PORTUGAL - Finance
Chairman, Millennium bcp
Nuno Amado was born in Torres Vedras in 1957. He studied Business Administration at ISCTE Business School and completed an Advanced Management Programme at INSEAD in Fontainebleau. In 1985, he joined the Audit and Consulting Department at KPMG and five years later he began a banking career that continues today, working at Citibank Portugal, Banco Fonsecas & Burnay, and Deutsche Bank Portugal. In 1997, he joined Banco Santander Totta, and became the Group CEO for Portugal in August 2006. In 2012 he became CEO of Millennium bcp, and in 2018 was named Chairman of the bank’s Board of Directors.

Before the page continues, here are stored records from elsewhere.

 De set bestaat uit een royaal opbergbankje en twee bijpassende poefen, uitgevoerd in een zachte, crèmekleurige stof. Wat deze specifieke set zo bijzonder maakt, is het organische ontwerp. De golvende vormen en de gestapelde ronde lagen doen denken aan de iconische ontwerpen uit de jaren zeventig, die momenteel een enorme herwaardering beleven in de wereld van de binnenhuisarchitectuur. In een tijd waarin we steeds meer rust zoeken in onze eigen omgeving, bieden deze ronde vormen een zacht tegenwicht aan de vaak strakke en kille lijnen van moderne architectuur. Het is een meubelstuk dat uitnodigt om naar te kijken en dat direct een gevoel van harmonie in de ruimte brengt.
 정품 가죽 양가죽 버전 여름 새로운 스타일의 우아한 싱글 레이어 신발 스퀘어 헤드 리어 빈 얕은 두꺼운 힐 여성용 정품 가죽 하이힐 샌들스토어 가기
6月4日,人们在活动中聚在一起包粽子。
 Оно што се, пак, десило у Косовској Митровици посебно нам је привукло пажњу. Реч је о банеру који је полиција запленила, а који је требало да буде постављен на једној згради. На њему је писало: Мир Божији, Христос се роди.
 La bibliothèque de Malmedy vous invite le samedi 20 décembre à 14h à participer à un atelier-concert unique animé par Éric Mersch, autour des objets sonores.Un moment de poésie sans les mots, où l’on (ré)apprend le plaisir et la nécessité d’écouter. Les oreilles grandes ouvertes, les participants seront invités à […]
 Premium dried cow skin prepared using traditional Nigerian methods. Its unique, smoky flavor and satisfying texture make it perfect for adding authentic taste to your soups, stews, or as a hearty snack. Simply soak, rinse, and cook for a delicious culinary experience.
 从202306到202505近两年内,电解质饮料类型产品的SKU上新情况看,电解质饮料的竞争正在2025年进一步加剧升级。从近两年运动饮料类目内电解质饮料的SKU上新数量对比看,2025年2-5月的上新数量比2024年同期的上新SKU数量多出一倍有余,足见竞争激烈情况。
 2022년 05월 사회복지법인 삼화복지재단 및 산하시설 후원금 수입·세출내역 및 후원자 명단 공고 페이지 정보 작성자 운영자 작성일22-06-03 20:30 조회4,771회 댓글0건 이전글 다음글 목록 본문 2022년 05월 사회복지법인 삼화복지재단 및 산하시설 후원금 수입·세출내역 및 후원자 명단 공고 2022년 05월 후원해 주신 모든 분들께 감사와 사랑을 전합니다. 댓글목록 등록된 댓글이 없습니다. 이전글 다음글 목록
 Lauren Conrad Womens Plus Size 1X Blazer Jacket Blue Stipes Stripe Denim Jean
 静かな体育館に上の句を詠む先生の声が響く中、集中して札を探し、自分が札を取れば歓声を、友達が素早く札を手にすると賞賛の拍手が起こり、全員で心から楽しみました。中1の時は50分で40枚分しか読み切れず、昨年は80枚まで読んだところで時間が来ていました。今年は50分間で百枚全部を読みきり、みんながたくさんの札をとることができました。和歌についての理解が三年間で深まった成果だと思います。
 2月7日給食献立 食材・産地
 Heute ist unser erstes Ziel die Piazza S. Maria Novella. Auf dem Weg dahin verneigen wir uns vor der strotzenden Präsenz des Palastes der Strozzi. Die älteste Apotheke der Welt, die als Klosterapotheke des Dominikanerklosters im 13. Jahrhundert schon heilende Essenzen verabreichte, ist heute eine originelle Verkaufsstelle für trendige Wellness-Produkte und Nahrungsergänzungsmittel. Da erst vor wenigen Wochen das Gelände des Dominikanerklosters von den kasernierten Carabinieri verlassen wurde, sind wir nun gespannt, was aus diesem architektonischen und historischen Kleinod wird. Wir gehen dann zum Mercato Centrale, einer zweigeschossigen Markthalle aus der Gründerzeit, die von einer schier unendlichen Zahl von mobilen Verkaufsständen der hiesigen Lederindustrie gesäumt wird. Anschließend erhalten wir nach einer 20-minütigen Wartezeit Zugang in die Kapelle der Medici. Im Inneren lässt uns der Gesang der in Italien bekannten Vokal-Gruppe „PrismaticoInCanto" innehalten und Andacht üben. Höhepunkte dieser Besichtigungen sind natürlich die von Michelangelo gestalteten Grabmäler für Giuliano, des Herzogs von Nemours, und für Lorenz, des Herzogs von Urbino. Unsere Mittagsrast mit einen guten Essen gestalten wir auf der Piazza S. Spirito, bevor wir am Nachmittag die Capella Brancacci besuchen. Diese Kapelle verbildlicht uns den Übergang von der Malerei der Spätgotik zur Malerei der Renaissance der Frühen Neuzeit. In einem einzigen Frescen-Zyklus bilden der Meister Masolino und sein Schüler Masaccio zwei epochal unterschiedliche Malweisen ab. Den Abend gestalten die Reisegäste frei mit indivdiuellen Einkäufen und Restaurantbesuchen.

Millennium bcp is the only private-sector bank listed on the Portuguese Stock Exchange. This clearly marks us apart from other Portuguese banks. We came from a difficult position, like many other financial institutions at the beginning of the financial crisis. At the time, we had a relatively low capital base and loan portfolio issues. Today, we have a well-balanced balance sheet in terms of funding and lending; we went from having a loan-to-deposit ratio of 164% to having more deposits than loans today. Second, we currently have a much stronger capital base of 12% up from 4%, and we want to continue to grow this capital ratio to obtain a larger capital base. Our non-performing loan (NPL) figure was previously close to EUR13 billion; it has since reduced to around EUR6 billion and is falling at a rate of EUR1-1.5 billion every year. Moreover, we have increasing volumes of new loans and business. There were several years when we did not grow our customer base in Portugal, although we managed to increase it in Poland and Africa. In 2018, for the first time in a long time, we have a net gain in customers and new opportunities. Our main challenge is to continue to grow our customer and business acquisition on a sustainable basis. We also want to work on the profitability of Millennium bcp, because we have an excellent cost-to-income ratio. It is clearly one of the best in Europe at 46-47%. However, we have to maintain and improve it in the future to ensure our capacity to generate capital, reduce NPLs, acquire more business and customers, and invest more rapidly in the digitization processes. We need greater digitization both for our processes and to change the way we connect with our customers.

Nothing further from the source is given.